• **About this task**:
From the entries below, return exactly the lines beginning at the one that contains "محافظ أحد المسارحة" and ending at the one that contains "五條 歌蘭さんの総格は51画の3点!", both of them included, and only those lines.

Provided records Start Marker

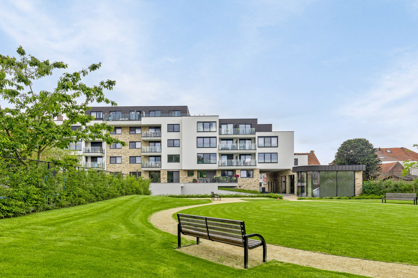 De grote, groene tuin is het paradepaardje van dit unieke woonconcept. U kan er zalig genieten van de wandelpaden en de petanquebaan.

Provided records End Marker
Provided records Start Marker

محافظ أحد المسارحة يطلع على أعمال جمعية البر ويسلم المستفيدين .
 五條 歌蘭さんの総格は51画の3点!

Provided records End Marker

• **Task solution**:
محافظ أحد المسارحة يطلع على أعمال جمعية البر ويسلم المستفيدين .
 五條 歌蘭さんの総格は51画の3点!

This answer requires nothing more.